*Data*:
####
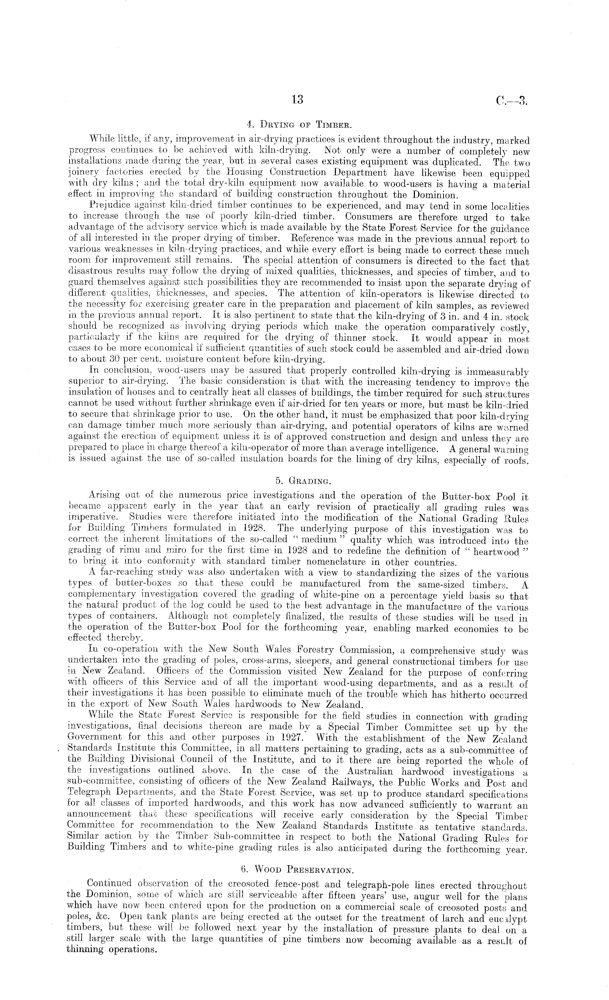 4. Drying of Timber. While little, if any, improvement in air-drying practices is evident throughout the industry, marked progress continues to be achieved with kiln-drying. Not only were a number of completely new installations made during the year, but in several cases existing equipment was duplicated. The two joinery factories erected by the Housing Construction Department have likewise been equipped with dry kilns ; and the total dry-kiln equipment now available to wood-users is having a material efiect in improving the standard of building construction throughout the Dominion. Prejudice against kiln-dried timber continues to be experienced, and may tend in some localities to increase through the use of poorly kiln-dried timber. Consumers are therefore urged to take advantage of the advisory service which is made available by the State Forest Service for the guidance of all interested in the proper drying of timber. Reference was made in the previous annual report to various weaknesses in kiln-drying practices, and while every effort is being made to correct these much room for improvement still remains. The special attention of consumers is directed to the fact that disastrous results may follow the drying of mixed qualities, thicknesses, and species of timber, and to guard themselves against such possibilities they are recommended to insist upon the separate drying of different qualities, thicknesses, and species. The attention of kiln-operators is likewise directed to the necessity for exercising greater care in the preparation and placement of kiln samples, as reviewed in the previous annual report. It is also pertinent to state that the kiln-drying of 3 in. and i in. stock should be recognized as involving drying periods which make the operation comparatively costly, particularly if the kilns are required for the drying of thinner stock. It would appear in most cases to be more economical if sufficient quantities of such stock could be assembled and air-dried down to about 30 per cent, moisture content before kiln-drying. In conclusion, wood-users may be assured that properly controlled kiln-drying is immeasurably superior to air-drying. The basic consideration is that with the increasing tendency to improve the insulation of houses and to centrally heat all classes of buildings, the timber required for such structures cannot be used without further shrinkage even if air-dried for ten years or more, but must be kiln-dried to secure that shrinkage prior to use. On the other hand, it must be emphasized that poor kiln-drying can damage timber much more seriously than air-drying, and potential operators of kilns are warned against the erection of equipment unless it is of approved construction and design and unless they are prepared to place in charge thereof a kiln-operator of more than average intelligence. A general warning is issued against the use of so-called insulation boards for the lining of dry kilns, especially of roofs". 5. Grading. Arising out of the numerous price investigations and the operation of the Butter-box Pool it became apparent early in the year that an early revision of practically all grading rules was imperative. Studies were therefore initiated into the modification of the National Grading Rules for Building Timbers formulated in 1928. The underlying purpose of this investigation was to correct the inherent limitations of the so-called " medium " quality which was introduced into the grading of rimu and miro for the first time in 1928 and to redefine the definition of " heartwood " to bring it into conformity with standard timber nomenclature in other countries. A far-reaching study was also undertaken with a view to standardizing the sizes of the various types of butter-boxes so that these could be manufactured from the same-sized timbers. A complementary investigation covered the grading of white-pine on a percentage yield basis so that the natural product of the log could be used to the best advantage in the manufacture of the various types of containers. Although not completely finalized, the results of these studies will be used in the operation of the Butter-box Pool for the forthcoming year, enabling marked economies to be effected thereby. In co-operation with the New South Wales Forestry Commission, a comprehensive study was undertaken into the grading of poles, cross-arms, sleepers, and general constructional timbers for use in New Zealand. Officers of the Commission visited New Zealand for the purpose of conferring with officers of this Service and of all the important wood-using departments, and as a result of their investigations it has been possible to eliminate much of the trouble which has hitherto occurred in the export of New South Wales hardwoods to New Zealand. While the State Forest Service is responsible for the field studies in connection with grading investigations, final decisions thereon are made by a Special Timber Committee set up by the Government for this and other purposes in 1927." With the establishment of the New Zealand Standards Institute this Committee, in all matters pertaining to grading, acts as a sub-committee of the Building Divisional Council of the Institute, and to it there are being reported the whole of the investigations outlined above. In the case of the Australian hardwood investigations a sub-committee, consisting of officers of the New Zealand Railways, the Public Works and Post and Telegraph Departments, and the State Forest Service, was set up to produce standard specifications for all classes of imported hardwoods, and this work has now advanced sufficiently to warrant an announcement that these specifications will receive early consideration by the Special Timber Committee for recommendation to the New Zealand Standards Institute as tentative standards. Similar action by the Timber Sub-committee in respect to both the National Grading Rules for Building Timbers and to white-pine grading rules is als
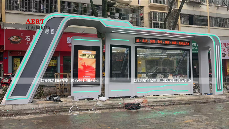 江(jiāng)西修水智慧公交站台(tái),配備55寸LCD液晶屏幕,可實時顯(xiǎn)示公交(jiāo)車輛的(de)運行狀態、到離站時間及站點、線路、換乘信息等。
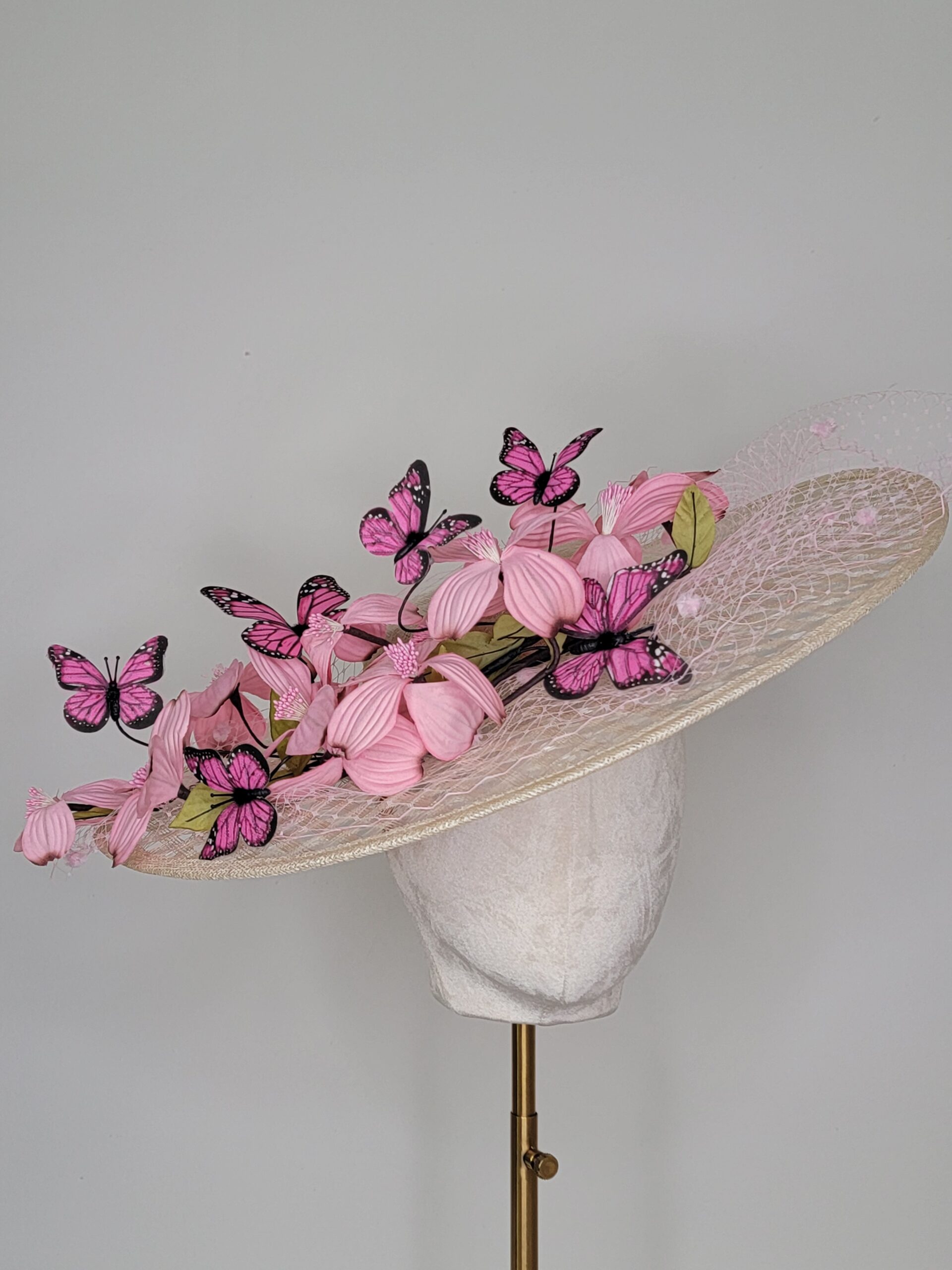 I would suggest The Velma, a bergere hat that features pink butterflies and dogwood flowers.
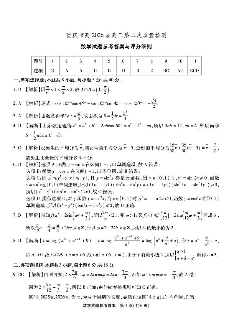 南开中学高2026届高三第二次质量检测 数学答案.pdf
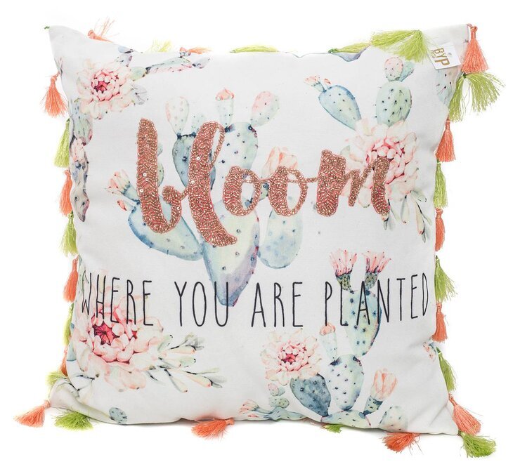 Centralt på kudden finns det ett broderat ord, “bloom,” som är tydligt markerat i glittrande, kopparfärgad text. Detta ger kudden en tredimensionell känsla och skapar en intressant kontrast till det mer subtila bakgrundsmönstret. Under det dekorativa ordet står texten “WHERE YOU ARE PLANTED” i svarta, versala bokstäver, vilket ger en motiverande och positiv känsla.
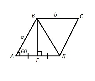 В параллелограмме ABCD угол А равен 60°. Высота ВЕ делит сторону AD на две равные части. Найдите длинну диагонали BD, если периметр параллелограмма равен 48 см
####
Every line from the one holding "Centralt på kudden" through the final line of the data above is to be reproduced exactly, both ends included, with the pictures left out.

*Your response*:
 Centralt på kudden finns det ett broderat ord, “bloom,” som är tydligt markerat i glittrande, kopparfärgad text. Detta ger kudden en tredimensionell känsla och skapar en intressant kontrast till det mer subtila bakgrundsmönstret. Under det dekorativa ordet står texten “WHERE YOU ARE PLANTED” i svarta, versala bokstäver, vilket ger en motiverande och positiv känsla.
 В параллелограмме ABCD угол А равен 60°. Высота ВЕ делит сторону AD на две равные части. Найдите длинну диагонали BD, если периметр параллелограмма равен 48 см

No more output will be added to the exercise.